Exercise instructions:
Nothing but the text should be carried over: reproduce all the data exactly and leave out every image.

Supplied material:
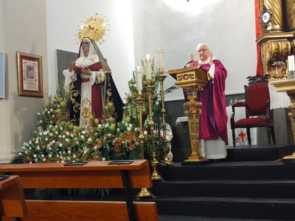 Durante la celebración eucarística, hemos contado con la presencia del hermano de la Cofradía y Prior de la Comunidad de Hermanos Dominicos, D. Manuel Gutiérrez, que ha realizado una breve exposición oral en torno a la talla restaurada.
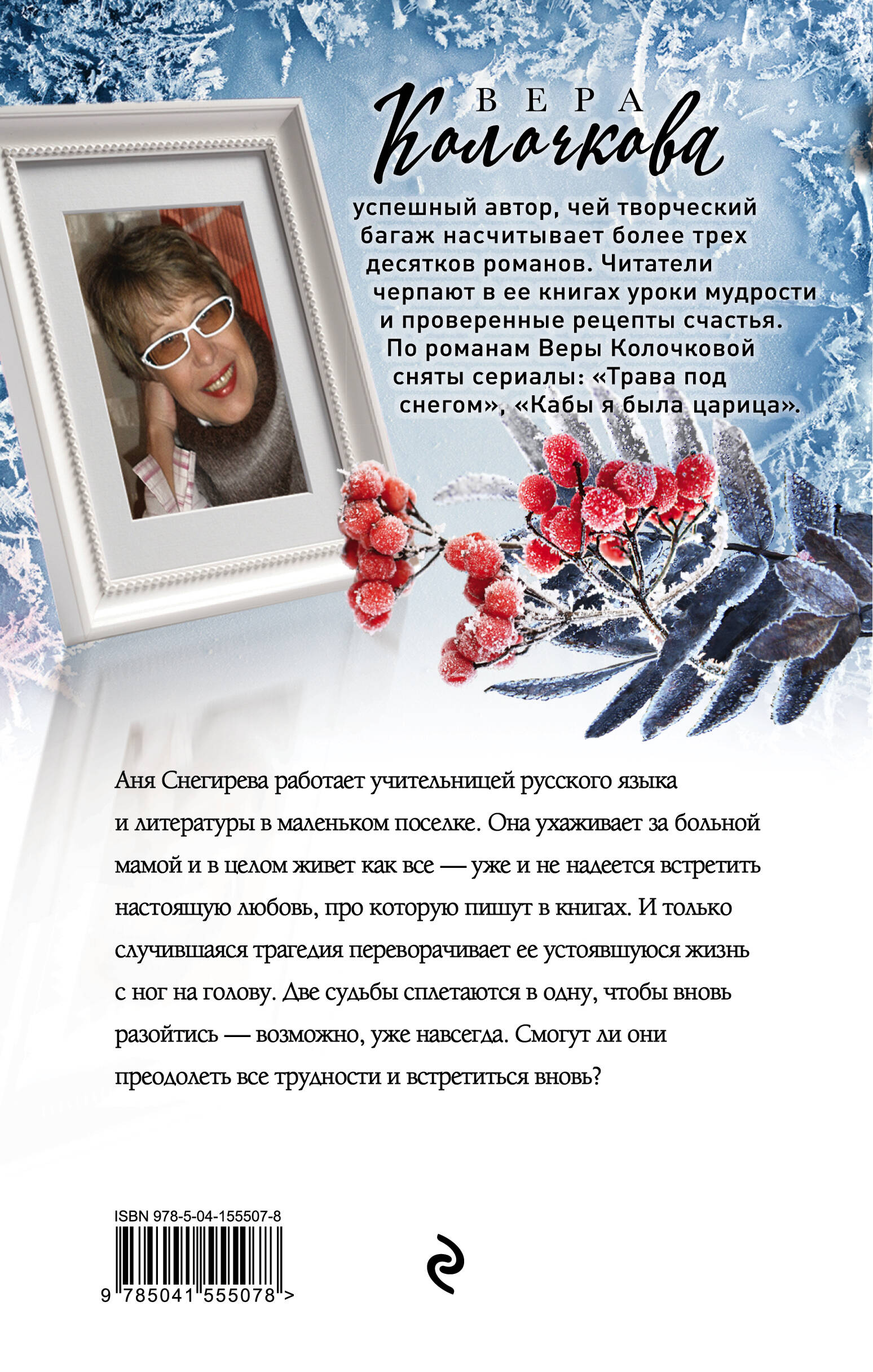 «Зимняя рябина» - это трогательная история о трудности выбора между любовью и долгом, сердцем и обязанностями. Иногда выбор бывает слишком тяжёлым, но именно он меняет нашу жизнь и делает нас по-настоящему счастливыми. Главное - сделать шаг. Роман «Зимняя рябина» как раз и рассказывает нам об этом - сделать шаг трудно, но возможно. В своём романе Вера Колочкова философски рассуждает о жизни. В размышлениях героев мы с лёгкостью можем отыскать и свои мысли. В книге устоявшуюся жизнь героев с ног на голову переворачивает только трагедия. Две судьбы сплетаются в одну, чтобы вновь разойтись - возможно, уже навсегда. Смогут ли они преодолеть все трудности и встретиться вновь?| Издательство | ООО "Издательство "Эксмо" |
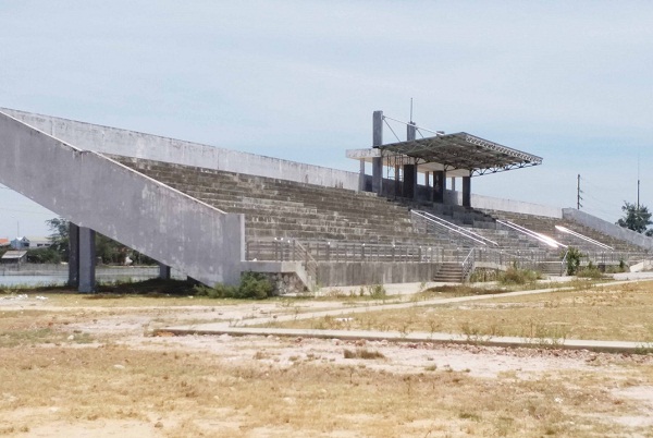 Mặt sân vận động gồ ghề, cỏ dại mọc um tùm

Solution:
 Durante la celebración eucarística, hemos contado con la presencia del hermano de la Cofradía y Prior de la Comunidad de Hermanos Dominicos, D. Manuel Gutiérrez, que ha realizado una breve exposición oral en torno a la talla restaurada.
 «Зимняя рябина» - это трогательная история о трудности выбора между любовью и долгом, сердцем и обязанностями. Иногда выбор бывает слишком тяжёлым, но именно он меняет нашу жизнь и делает нас по-настоящему счастливыми. Главное - сделать шаг. Роман «Зимняя рябина» как раз и рассказывает нам об этом - сделать шаг трудно, но возможно. В своём романе Вера Колочкова философски рассуждает о жизни. В размышлениях героев мы с лёгкостью можем отыскать и свои мысли. В книге устоявшуюся жизнь героев с ног на голову переворачивает только трагедия. Две судьбы сплетаются в одну, чтобы вновь разойтись - возможно, уже навсегда. Смогут ли они преодолеть все трудности и встретиться вновь?| Издательство | ООО "Издательство "Эксмо" |
 Mặt sân vận động gồ ghề, cỏ dại mọc um tùm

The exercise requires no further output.